Human Rights . . . Here & There
There is no doubt as a resource-based economy, Canada has developed an impressive and robust extractive industry sector some would argue is part of our “national security interests.” While this sector brings important gains to the Canadian economy, oil, gas, and mining activities are increasingly taking place in remote areas that have a detrimental effect on local, often indigenous, populations.
Increasingly, Canadian extractive companies and their subsidiaries have been the subject of allegations of human rights violations associated with their overseas activities, particularly when operating in developing countries. For years, liability before Canadian courts has been avoided. However, the recent decision of the Ontario Superior Court in Choc v. Hudbay Minerals Inc. may be the first step towards recognition that Canadian companies should be accountable for their behaviour outside Canada.
Under international human rights law, states have international legal duties to protect the human rights of individuals within their territory and subject to their jurisdiction. However, for a range of reasons host states may be unable or unwilling to regulate the conduct of foreign business actors, even where not doing so violates their international obligations to protect human rights.
A report commissioned by the Prospectors and Developers Association of Canada and publicly leaked in 2010 found that of 171 high-profile incidents involving mining companies since 1999, 34 per cent of companies implicated in such incidents were Canadian.

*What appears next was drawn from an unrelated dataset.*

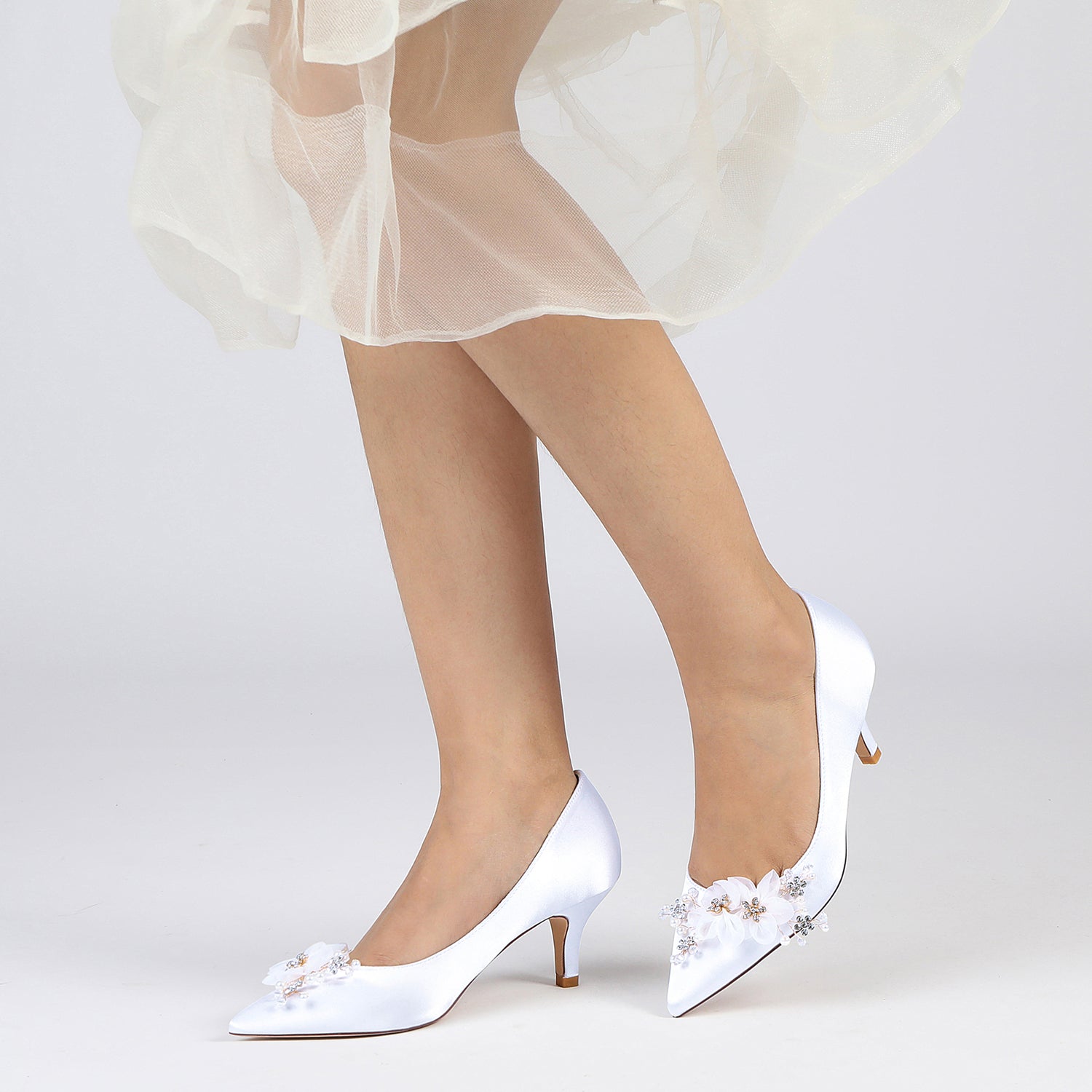 Women's Silk Satin With Flower Closed Toe Stiletto Heel Evening Shoes
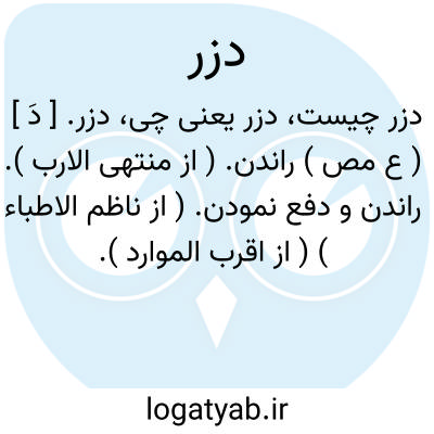دزر. [ دَ ] ( ع مص ) راندن. ( از منتهی الارب ). راندن و دفع نمودن. ( از ناظم الاطباء ) ( از اقرب الموارد ).

These incidents included environmental and human rights abuses, and conflict with local communities.
Canadians were found to be involved in four times as many incidents as Australian and British companies, both very active in the sector. The report noted some of these high numbers were likely due to the fact 75 per cent of the world’s largest mining exploration and development companies are Canadian.
In an interview, Penelope Simons, an expert in transnational corporate accountability, described the accountability problem as follows:
“International human rights law does not impose obligations on home states, such as Canada, to regulate transnational corporate activity. There are also few effective domestic legal mechanisms that can be used to challenge, monitor, or sanction corporate conduct in order to ensure that Canadian investment abroad does not contribute to, or profit from, violations of human rights. The voluntary self-regulatory mechanisms that have been developed so far have failed to ensure that transnational corporate actors do not violate or contribute to violations of human rights in the host states in which they operate.”